I do not know if he was fined for really bad art, but the fact that he drilled holes in a wall to hang his picture is being investigated as property damage. [Source]

Culture encourages such behavior to do what it takes to get noticed and make a name for yourself. If you don’t “toot your own horn,” who will? There is no room for that in the church. Believers are called to a higher standard: to live humbly and not make life all about ourselves.

I’m not speaking against doing our best. I’m not against speaking up and offering our gifts and abilities or letting someone know what we can do. But such actions need to be done with humility and with a focus on serving Christ and His church.

Church is not about you.

If you’re going to church to get noticed, you’re missing the point. If you’re looking for a church that will let you showcase your talents and gifts, let me say it again: you’re missing the point.

It’s about Jesus.

We are made for relationships, and God wired us in a way to need others, to be interdependent on one another. But if you’re only going to church simply to meet people and build relationships, you’re missing the true connection: it’s about Jesus.

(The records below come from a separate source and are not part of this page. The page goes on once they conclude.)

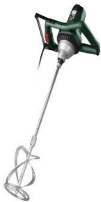
Mörtelrührer / Rührfix
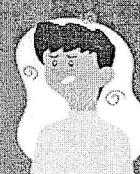
Falta de ar
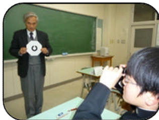
弱視レンズの使用法
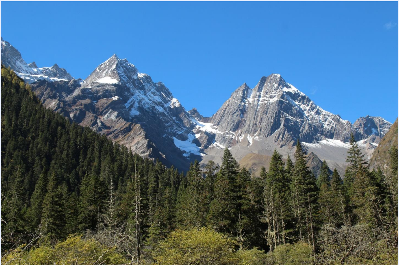
ฤดูใบไม้ผลิ (SPRING)
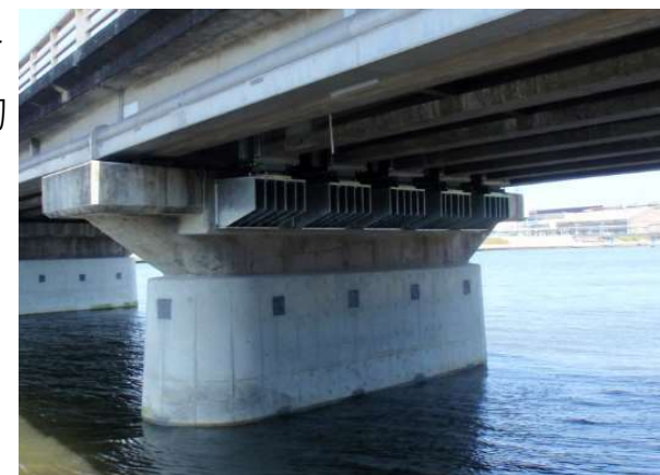
国道 250号 汐見橋 落橋防止装置・橋脚補強 (姫路市)
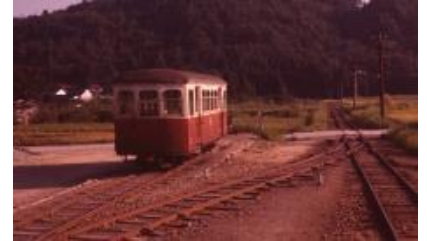
在りし日の尾小屋鉄道金平駅に佇む客車
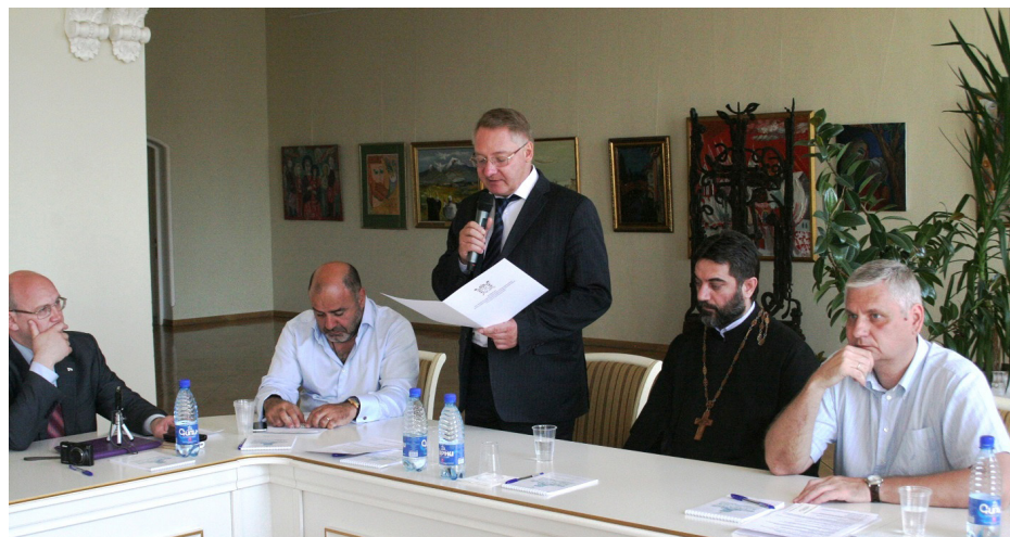
Приветствие от председателя Комитета по межнациональным отношениям и реализации миграционной политики в Санкт-Петербурге Олега Ивановича Махно зачитал его первый заместитель Вадим Яковлевич Окрушко
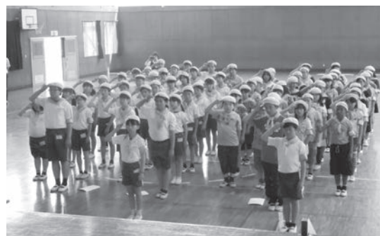
奥野小学校の入団式の様子

さらに、12月には作品の入賞者の表彰式が行われ、入賞作品のカレンダーを作成するなど広く交通事故防止に活用されます。
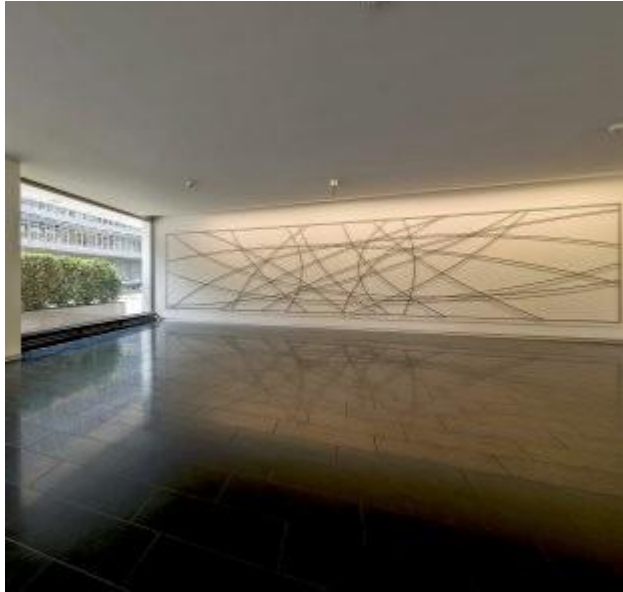
Repräsentatives Entrée L45
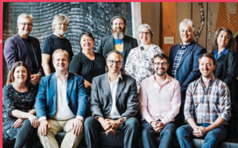
Des membres de l'équipe du Conservatoire
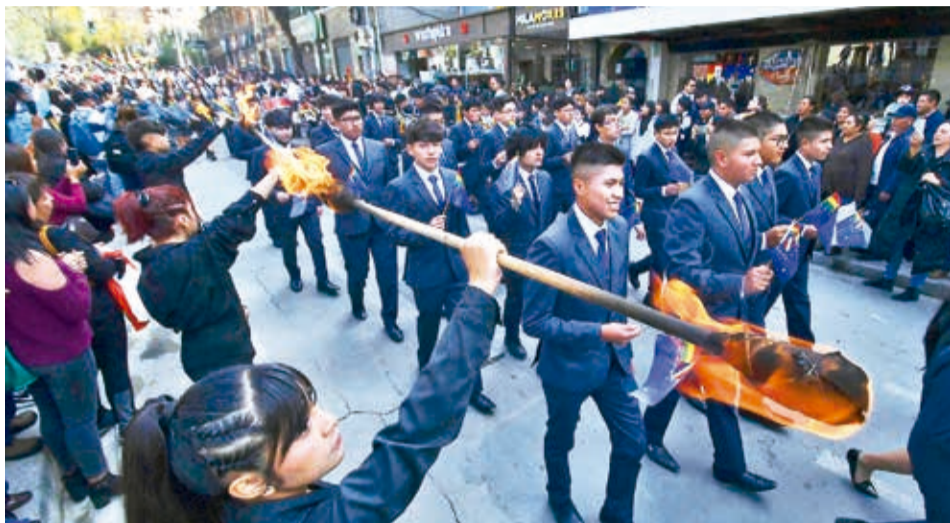
Los actos conmemorativos oficiales por el Día del Mar empezaron ayer en La Paz.

“El derecho a la salida soberana al mar de los bolivianos es irrenunciable y ese
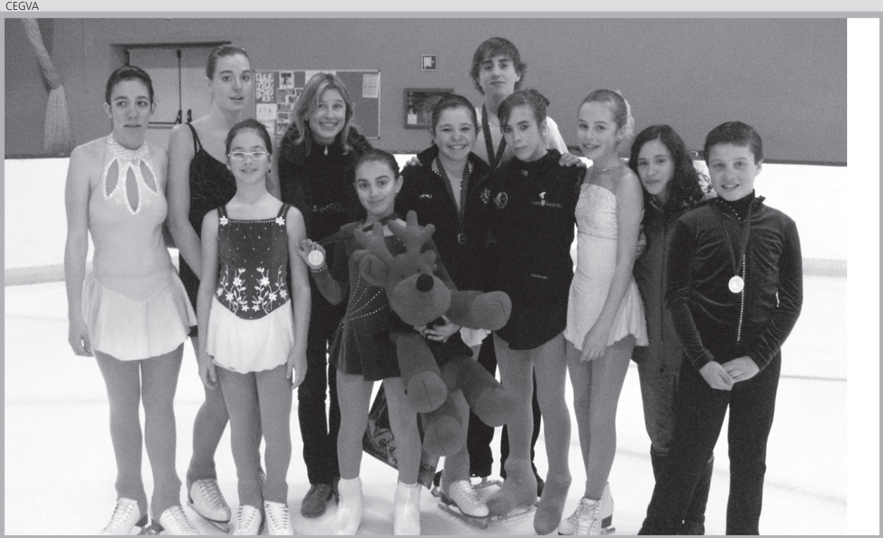
Foto de grupo de los araneses que compitieron en la Copa Federación en Vielha.

Los resultados finales de los patinadores araneses fueron los siguientes:
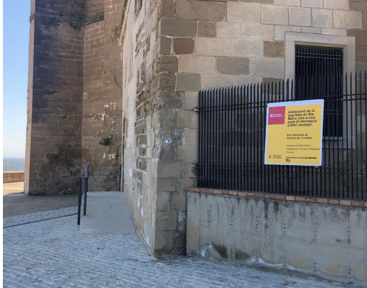
Cartell anunciador de les obres

Ajuntament de Balaguer OFICINA TÈCNICA MUNICIPAL
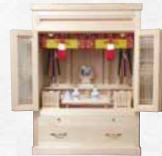
④ SM 型 主用材:木曽松

〈上段〉神棚 〈下段〉御霊舎を備えた一体型です。 参考寸法:(巾)80×(高さ)195×(奥行)60cm ※各寸法のご変更はご相談ください。
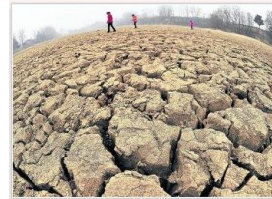
Los aspectos ambientales de la sustentabilidad merecen un seguimiento en el que indique qué medida nos acercamos a niveles peligrosos.

Recomendar | Sé el primero de tus amigos en recomendar esto.
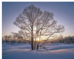
日本の日の出部門

銀塩フィルムによる日本国内の風景写真作品全121点を展示。写真家たちが捉えた一瞬の輝きは、私たちが喜びと感動に満ちた美しい風景の旅へと誘います。
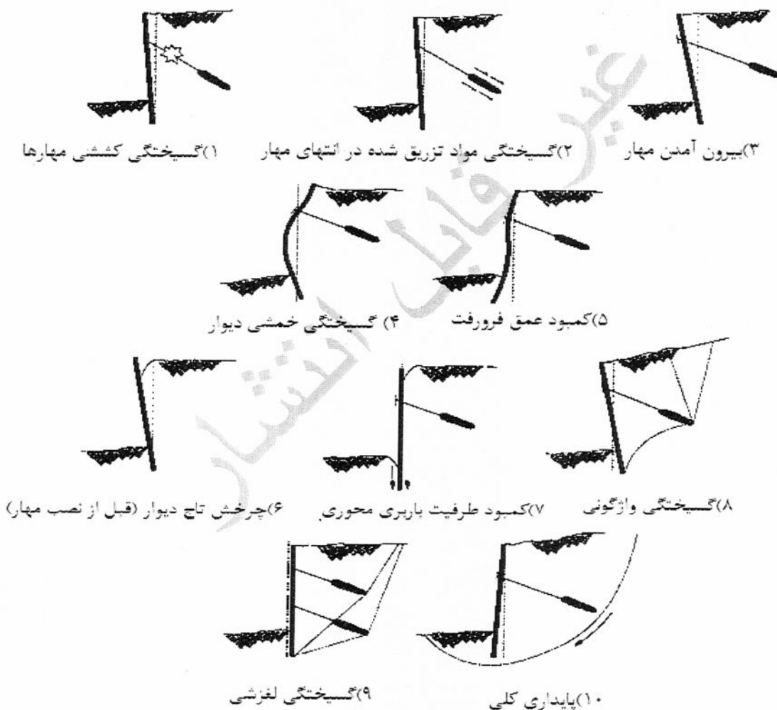
شکل شماره (۷-۵-۱): حالت‌های حدی دیوارهای مهارشده

۷-۵-۳-۲-۱: برای طراحی دیوارهای مهارشده از پشت باید حالت‌های حدی شکل (۱-۵-۷) کنترل شود.
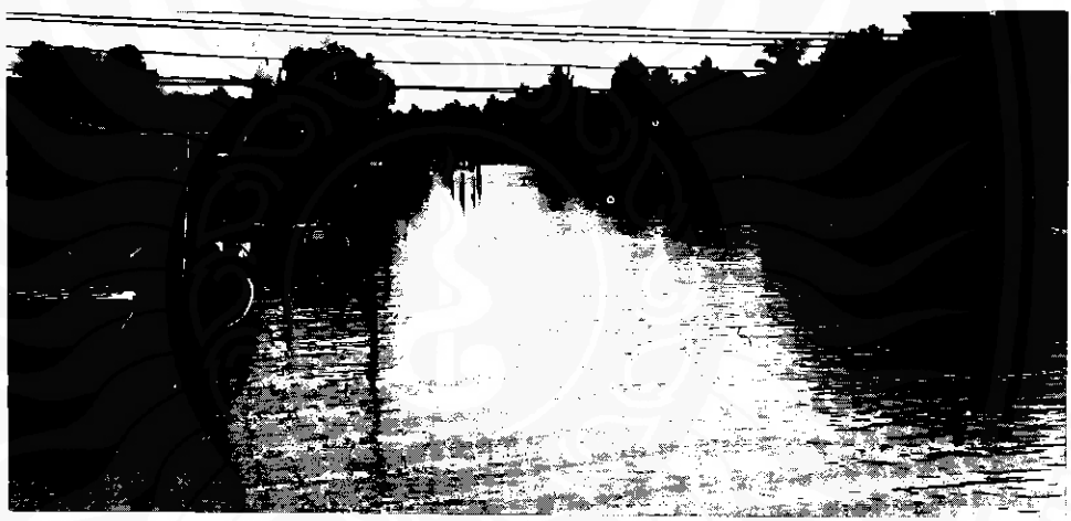
คลองขุด (หรือคลองนครพญา) ซึ่งเป็นลำน้ำที่เชื่อมระหว่างคลองปากนครกับคลองท่าซัก ขุดในสมัยรัชกาลที่ ๕ ครั้นพระยาสุโขมนัยวินิตเป็นข้าหลวงเทศาภิบาลมณฑลนครศรีธรรมราช

ท่าซัก (คลองท่าวัง) ได้สะดวกรวดเร็วขึ้น เพราะหาก ไม่มีคลองลัด ชาวบ้านในตำบลท่าซักกับตำบล ปากนครต้องใช้เวลาเป็นวัน จึงจะไปมาหาสู่กันได้ ทั้งๆ ที่ตำบลทั้งสองอยู่ไม่ไกลกัน จากเสียงเรียกร้อง ดังกล่าว พระยาสุโขมนัยวินิต (ปั้น สุขุม) ข้าหลวง เทศาภิบาลมณฑลนครศรีธรรมราช จึงได้ตัดสินใจ ขุดคลองลัดระหว่างคลองปากนครกับคลองท่าซัก เมื่อ
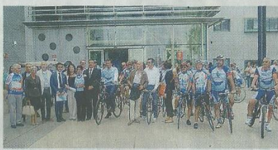
La partenza della Granfondo dall'ospedale Giovanni XXIII
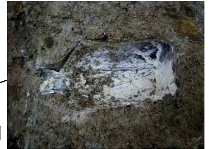
塊 - 3 下部中の白色粉の入ったガラス瓶 (解砕時に発見)
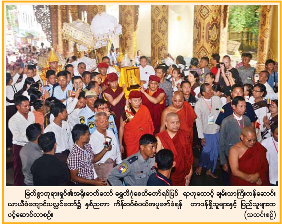
မြတ်စွာဘုရားရှင်၏အနိဗ္ဗာန်တော် ရွှေတိဂုံစေတီတော်ရင်ပြင် ရာဟုထောင့် ချမ်းသာကြီးတန်ဆောင်း ယာယီစံကျောင်းပလ္လင်တော်၌ နှစ်ညတာ ကိန်းဝပ်စံပယ်အပူဇော်ခံရန် တာဝန်ရှိသူများနှင့် ပြည်သူများက ပင့်ဆောင်လာစဉ်။ (သတင်းစဉ်)

ဘဏ္ဍာတော်ထိန်းဂေါပကအဖွဲ့နှင့် မကွေးမြို့သူ မြို့သား များကိုယ်စား ကျေးဇူးတင်ဝမ်းမြောက်ပါကြောင်း ပြောကြား သည်။ ယင်းနောက် တပ်မတော်ကာကွယ်ရေးဦးစီးချုပ် ဗိုလ်ချုပ်မှူးကြီးမင်းအောင်လှိုင်သည် နေပြည်တော် မှတ်တမ်းတွင် လက်မှတ်ရေးထိုးပြီး အဖွဲ့ဝင်များနှင့်အတူ မြသလွန်စေတီတော်မြတ်ကြီးအား လက်ယာရစ်ဖူးမြော် ကြည်ညိုကြသည်။ မွန်းလွဲပိုင်းတွင် တပ်မတော်ကာကွယ်ရေးဦးစီးချုပ် နှင့် အဖွဲ့ဝင်များသည် မကွေးစက်မှုနယ်မြေရှိ အမှတ်(၁၃) အကြီးစားစက်ရုံသို့ သွားရောက်ပြီး လုပ်ငန်းလည်ပတ်မှု အခြေအနေများကို လှည့်လည်ကြည့်ရှုကြသည်။ တပ်မတော် ကာကွယ်ရေးဦးစီးချုပ်နှင့်အဖွဲ့ကို Assembly Plant တွင် ဒုတိယစက်ရုံမှူး ဦးကျော်ကျော်ဝင်းက လည်းကောင်း၊ Gear and Transmission Plant တွင် ဌာနမှူး ဦးကြည်မြင့် ကလည်းကောင်း အသီးသီးလိုက်လံရှင်းလင်း ပြသခဲ့ကြပြီး တပ်မတော်ကာကွယ်ရေးဦးစီးချုပ်က သိရှိ လိုသည်များကို မေးမြန်းခဲ့ကြောင်း သတင်းရရှိသည်။ (မြဝတီ)
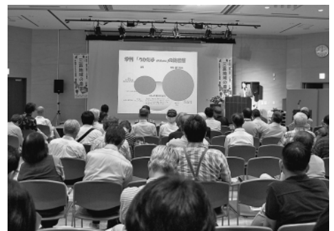
農と里山シンポジウム

また、三富伝統農法促進事業として、三富地域で農業の持続的発展のために地域の農業者が実施する3件のPR活動等に対して支援を行いました。
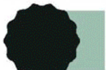
893 ** ✓ ① VERDE VERDIGA VERDE DE COBRE SAP GREEN COBRE VERDE
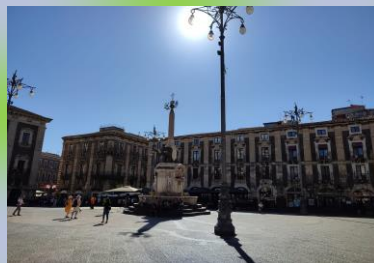
Piazza Duomo Catania
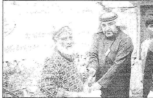
الحملة الشعبية السعودية توزع المساعدات على لاجئي المخيمات

When I make Jesus the center of my life and attention, these other things fall into place. I build strong connections with other believers. I have opportunities to use my spiritual gifts for the glory of Christ. But my starting point and my focal point must always and forever be Jesus. I am not there to get noticed.

“Do nothing out of selfish ambition or conceit, but in humility consider others as more important than yourselves. Everyone should look not to his own interests, but rather to the interests of others” (Phil. 2:3-4).

In the church, we do not lift up ourselves; we lift up Christ. Whatever we do, we are to do with humility with no self-serving motives.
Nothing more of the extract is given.